Telstra is also at the forefront in the burgeoning world of e-commerce - the buying and selling of goods and services over the internet - and is actively developing e-commerce solutions in many industries, cutting down on administrative costs and allowing businesses to operate in areas in which it was previously cost prohibitive to do so. Industries already benefiting from Telstra’s efforts include sporting clubs, stockbrokers, agribusinesses, pharmaceutical wholesalers and the health care profession.  

Telstra takes its responsibilities as a major corportate citizen seriously. The company actively supports initiatives like LifeLine and LandCare among many others. The company also has one of the country’s most active volunteer staff organisations which supports community initiatives such as Clean Up Australia and The Smith Family.

As Team Millenium Partner and Telecommunications Supplier to the Sydney 2000 Olympic Games and Worldwide Sponsor of the Sydney 2000 Paralympic Games, Telstra has the perfect stage for showing the world what Australians can do.

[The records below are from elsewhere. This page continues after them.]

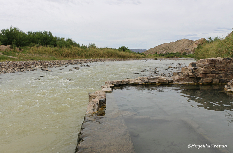 Für die Zufahrt zum Trailhead zweigt man kurz vor dem Río Grande Village von der Hauptstraße nach rechts ab auf eine 2 Meilen lange, ungeteerte Schotterpiste, die nach Süden führt und in der Nähe des Rio Grande endet (für Wohnmobile nicht geeignet!). Von hier sind es nochmals 0,5 Meilen Fußweg zu den heißen Quellen der Hot Springs. Hier, an der Einmündung des Tornillo Creek in den Río Grande unterhielt Anfang dieses Jahrhunderts ein Mann namens J.O. Sayford ein Heilbad. Die Ruinen des ehemaligen Badehauses sind noch zu sehen. In den Thermalquellen kann man baden.
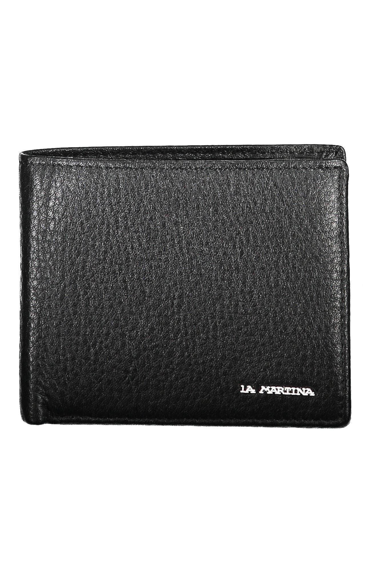 Discover the epitome of sophistication with La Martina’s sleek black leather wallet, designed to cater to the modern gentleman’s needs. Featuring two well-organized compartments and double card spaces, this wallet embodies both practicality and elegance. The iconic logo subtly accentuates the design, making it not just a functional accessory, but a statement of style.
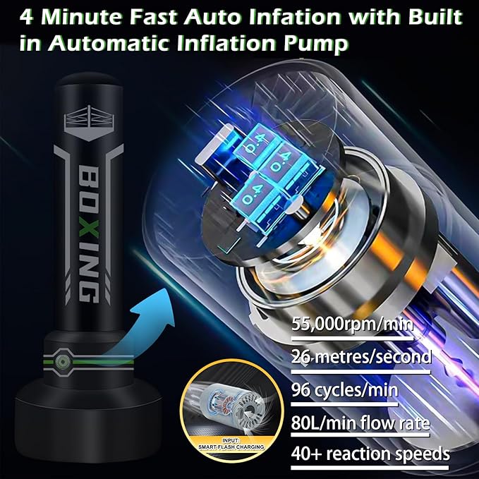 - Upgrade Automatic Inflation Pump: The heavy punching bag made with built-in rechargeable automatic air pump, upgraded one press inflating technology helps you inflate the stand up punching bag more conveniently, completely freeing your hands, allowing you to use the punching bag for adults with stand anytime and anywhere.
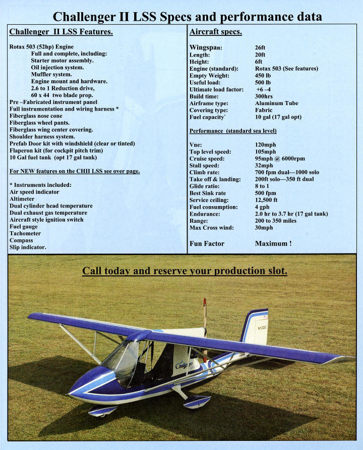 The Challenger Light Sport Special can be registered in Canada as an Advanced Ultralight or under the 51% rule as an Amateur-Built. The LSS has a number of new features to facilitate the Amateur-Built route, for example control stops and pilot accessible fuel shutoff system. In addition to the satisfaction of assembling your own airplane and knowing it inside and out, a big advantage to registering as Advanced Ultralight or Amateur-Built is that you can do any and all maintenance and inspections yourself or with the assistance of whomever you choose. The Advanced Ultralight category allows up to 100% of the assembly to be done by pros. The Challenger II Light Sport Special may be flown with the economical Ultralight Pilot Permit or with a traditional pilot certificate such as a Recreational or Private. The Challenger II Light Sport Special package is around US$25,000 for a quick-build kit including engine and instruments. To spread out cash flow the package may be split into airframe and powerplant sections or into tail, wings, fuselage and engine sub-kits. In today's economy the economics of aircraft ownership are more critical than ever before. The Challenger Light Sport Special is less than a quarter of the cost of typical AULA and S-LSA aircraft. The low acquisition cost and very low operating and maintenance costs mean owners can afford to go flying as often as they wish. The new Challenger Light Sport Special delivers wide ranging major improvements while retaining the docile nature of classic Challengers including low stall speeds with no wing drops. Also retained are the outstanding STOL operations with takeoff and landing rolls in the 200-400 ft range as well as impressive crosswind capabilities. Payload is a very useful 500 lbs. The versatility to go fast or to go low and slow, the capability to operate from short unimproved strips, the ability to fly with the doors off like a roadster with the top down and the unmatched visibility from both seats all combine to put the fun back into flying. Well over fifty Challenger Light Sport Specials have already been sold and the expectation is for many more. (Click the image below to enlarge.) If you wish, we'll notify you by e-mail when we expand this section! State 'LSS' in Comments.
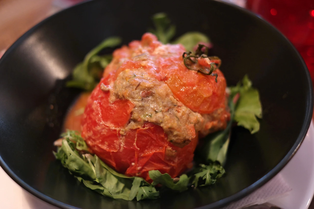 향신료가 많이 들어간 것이 아니기 때문에 그 맛이 삼삼하다. 그 때문에, 오븐에서 노릇하게 익은 토마토와 피망의 향을 더욱 섬세하게 느낄 수 있었다. 특히 피망의 은은한 매운맛이 매력적이다. 새콤한 토마토 국물은 감칠맛을 잡는 역할을 한다. 흐릿하게 남은 민트향이 전체적인 맛의 조화를 해치지 않고 얌전히 향의 한 갈래를 더한다.
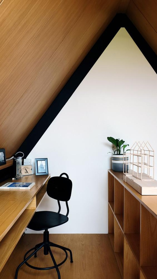 Để dễ dàng phát triển, cơi nới trong tương lai lại vừa tối ưu chi phí xây dựng, các kiến trúc sư đã tính toán kỹ lưỡng về vật liệu xây dựng. Kiến trúc sư ưu tiên sử dụng khung thép, tấm lợp bitum, gỗ dán cho phần lớn bề mặt.
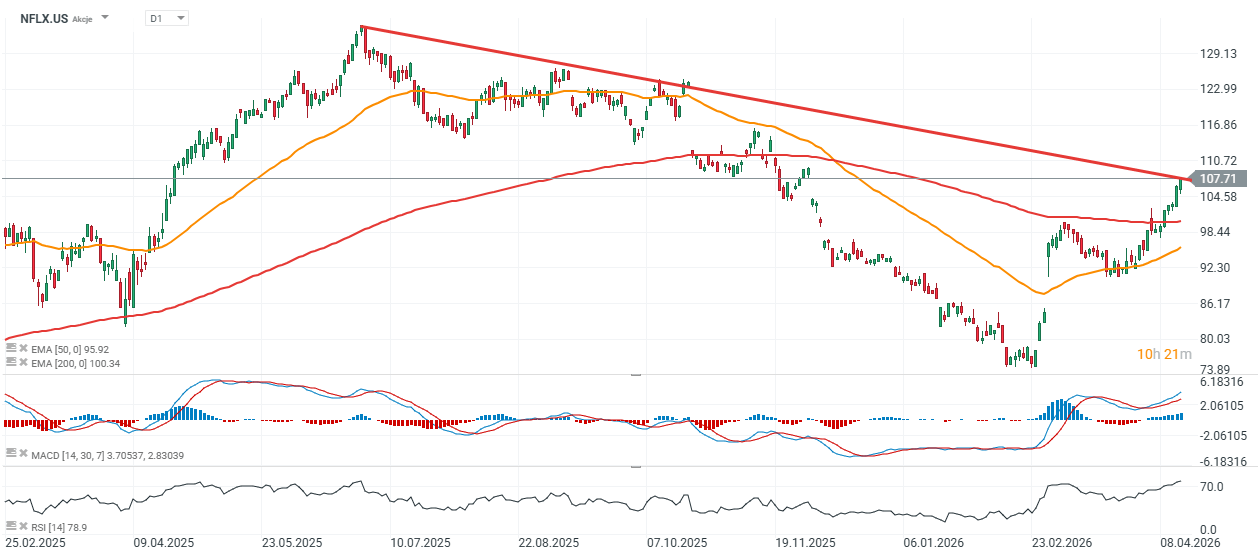 Z punktu widzenia rynku jest to więc raport wysokiego ryzyka. Netflix nie musi tylko pokazać wzrostu, ale udowodnić, że wzrost po podwyżkach cen pozostaje trwały, że reklama skaluje się zgodnie z oczekiwaniami i że spółka ma przestrzeń do poprawy całorocznych perspektyw. Jeśli te trzy elementy zostaną potwierdzone, spółka może utrzymać przewagę nad resztą sektora medialnego. Jeśli nie, wysoka baza oczekiwań może szybko obrócić się przeciwko kursowi. W praktyce ten raport będzie testem tego, czy Netflix nadal jest w stanie jednocześnie podnosić ceny, zwiększać bazę płacących użytkowników, rozwijać reklamę i utrzymywać wysoką rentowność. Przy obecnym poziomie wyceny i mocnym zachowaniu kursu inwestorzy nie oczekują już po prostu solidnego kwartału. Oczekują potwierdzenia, że spółka ma przestrzeń do dalszego wzrostu i że obecna premia w wycenie pozostaje uzasadniona.
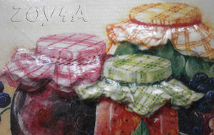 Матеріалом буде серветка, на якій зображені баночки з варенням.
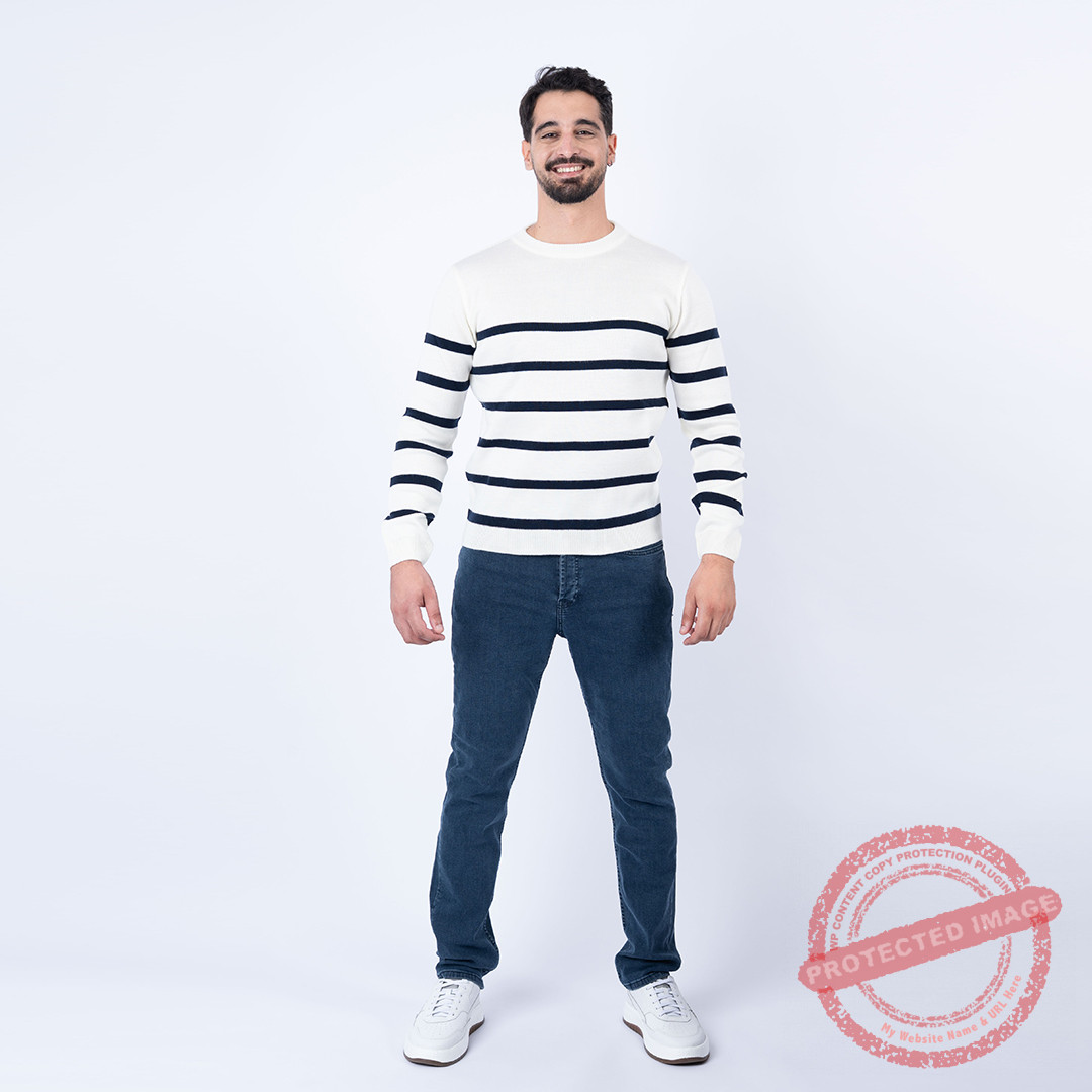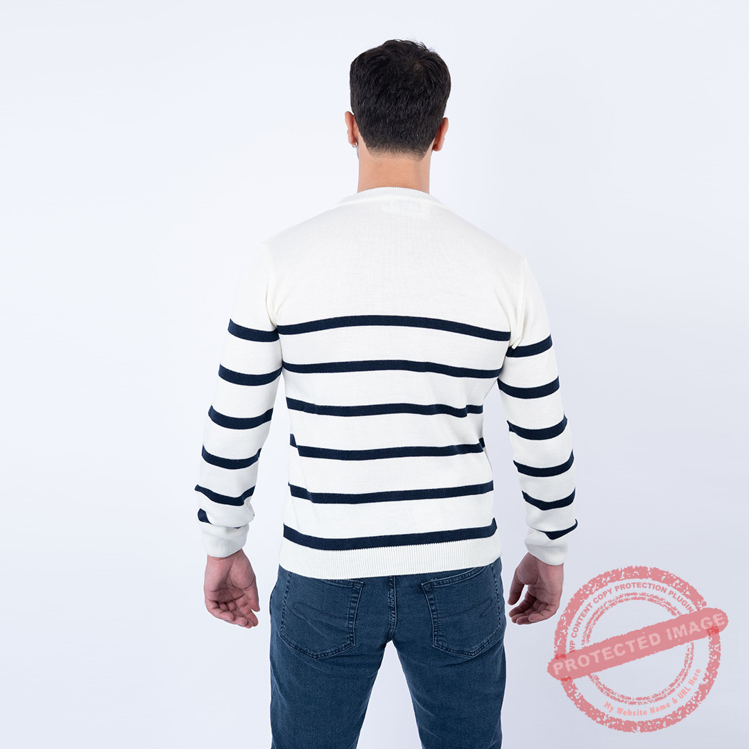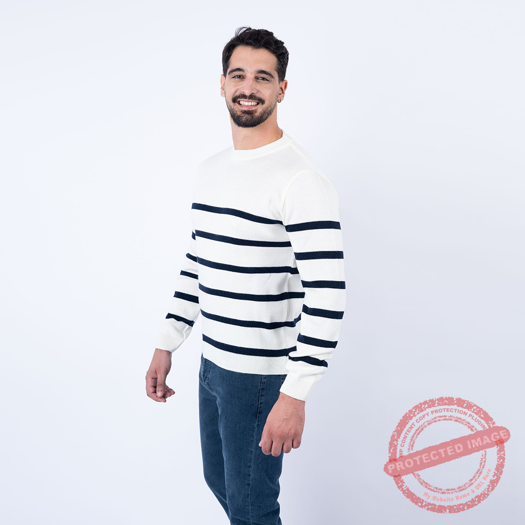 Lee Cooper Pull MAILLE-01 LCH2512 Homme, pull rayé marine. Couleur : blanc.
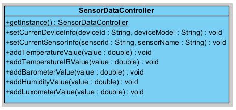Ya teniendo el diseño de cómo va a ser el modelo de datos, el siguiente paso es diseñar qué controladores vamos a necesitar para el manejo de la aplicación y cuáles van a ser de utilidad. Por un lado tenemos el controlador que se encarga de manejar cuando hemos recibido nuevos valores desde los sensores que se observan en la Figura 4.4.1. Este controlador se encargará de procesarlos y llamar a los controladores de Parse y Ducksboard cuando corresponda.
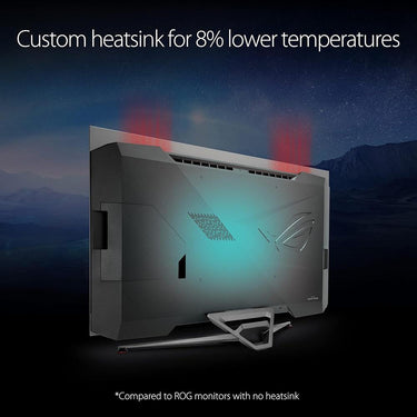 The custom heatsink found in the PG42UQ offers more surface area for heat exchange to provide more efficient cooling performance; even in long gaming stints. The lower temperature enables better OLED performance with lower likelihood of image sticking. This robust fanless system operates silently to minimize distractions.
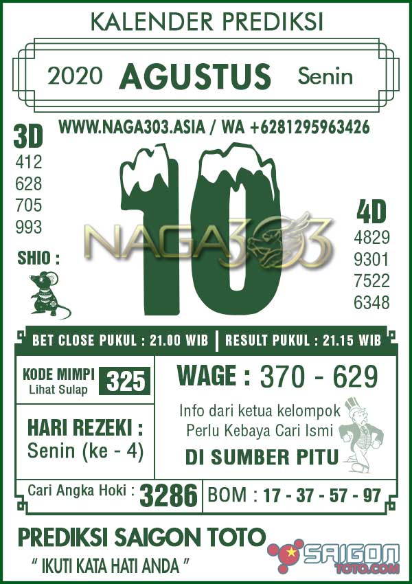 Prediksi Saigon Toto Senin 10 Agustus 2020
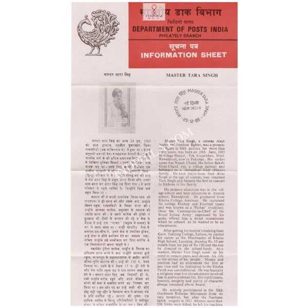Birth Centenary of Master Tara Singh Brochure 1985 Issued By Postal Department
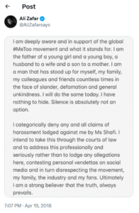 On 19 April 2018, amid the global MeToo movement, Meesha Shafi took to X (formerly Twitter) and accused Zafar of sexual harassment. She shared a note recounting her experience, with the following caption, “Sharing this because I believe that by speaking out about my own experience of sexual harassment, I will break the culture of silence that permeates through our society. It is not easy to speak out.. but it is harder to stay silent. My conscience will not allow it anymore #MeToo.”
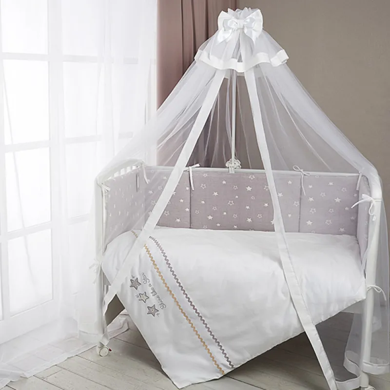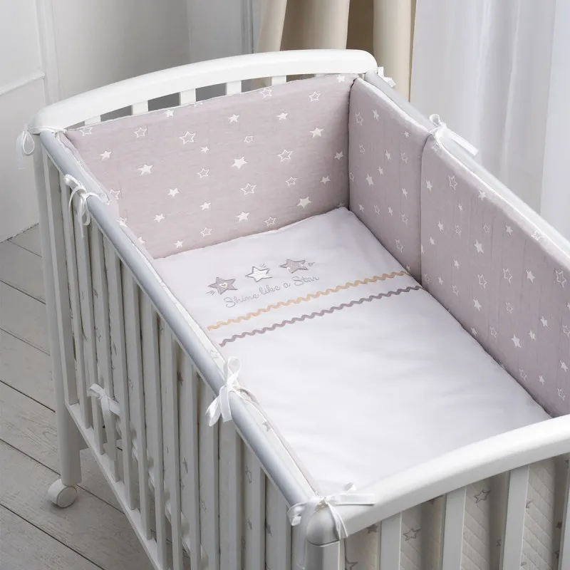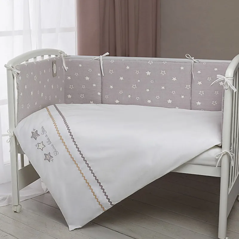 Setul elegant Perina Toys Stele este potrivit pentru orice tip de interior, are nuanțe naturale și culori pastelate care oferă confort și rafinețe. Texturile diferite ale lenjeriei de pat și ale laturilor formează o combinație interesantă ce oferă libertate imaginației.
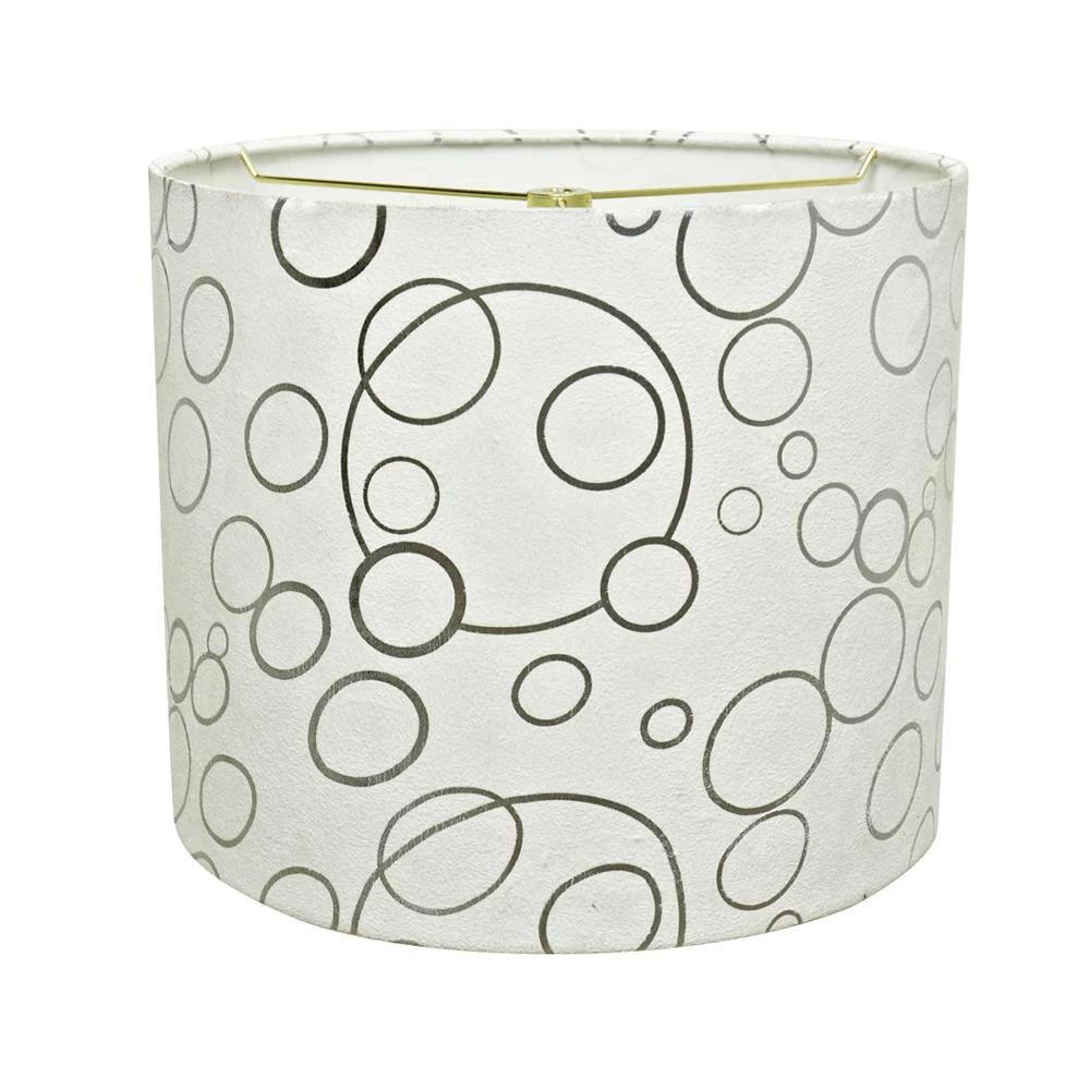 Aspen Creative is dedicated to offering a wide assortment of attractive and well-priced portable lamps, kitchen pendants, vanity wall fixtures, outdoor lighting fixtures, lamp shades, and lamp accessories. We have in-house designers that follow current trends and develop cool new products to meet those trends. Aspen Creative offers a 1 pack transitional Hardback Drum (Cylinder) replacement lamp shade in white. Made with suede fabric with silver circle pattern. The lamp shade size is 12 in. top x 12 in. bottom x 10 in. height. This lamp shade is a Spider construction designed to attach to lamp harp. Our hardback shades use Virgin Styrene backing board to produce a warm, natural and smooth light more appealing than shades made with recycled Styrene board that can crack and yellow over time. Applications – For table lamps, accent lamps, vintage lamps, candle stick lamps and kid’s room lamps.

But support for Australian sport begins long before Olympic levels, with sponsorship of swimming through the Telstra Dolphins, weight lifting via the Telstra Titans and Australian women’s hockey through the Telstra Hockeyroos, providing support to these sports from grass roots levels through to the elite.

In readiness for the 2000 Games, Telstra is building one of the largest, fastest and most sophisticated Olympic communications networks the world has ever seen - Telstra’s Millennium Network. The Australian network contains over 1.5 million kilometres of optic fibre cable (enough to circle the world 37 times) and will deliver the spectacle of the 2000 Games to a potential audience of more than four billion people. The benefits will be felt in Australia long after the closing ceremony.

Telstra is also aiming to ensure that young Australians develop the right on-line skills with the technological demands of the new millennium via its Special Skills Forum. Launched in 1995, Telstra’s $3 million Learn ITTM program was created to help students leave school with the technological literacy which has now become essential no matter what vocation they choose. This money has been used in a variety of ways, including the provision of computers, modems, lines and Internet access to schools, along with free educational material for primary, secondary and tertiary students on a vast range of telecommunications subjects.  

As Australia’s most advertised brand, Telstra uses every medium of mass communication to showcase its plethora of products and services.

In recent years, Telstra has faced up to the reality that it needed to find a way of communicating so many disparate product stories while delivering a coherent brand message. The result of those efforts is the notion of ‘Making Life Easier’TM, a promise that goes way beyond merely being an advertising slogan, and has helped redefine the very culture of the company.

Warm, human and empathetic, while still being pragmatic. A company you can trust to make life easier.  


         TELSTRA

   
  In the Asia Pacific region alone, more than 200 multinational corporations have chosen Telstra to provide their telecommunications needs.  
  Telstra is ranked in the top ten global telecommunications companies.  
  More than a million Australians now own shares in Telstra, and well over half of these are small shareholders.  
  Demand for traditional voice servcies is greater than ever, with 2.7 basic access lines into businesses and 6.9 million lines into our homes.  
  Telstra is Team Millenium Partner and Official Telecommunications Supplier to the Sydney 2000 Olympic Games and Worldwide Sponsor of the Sydney 2000 Paralympic Games.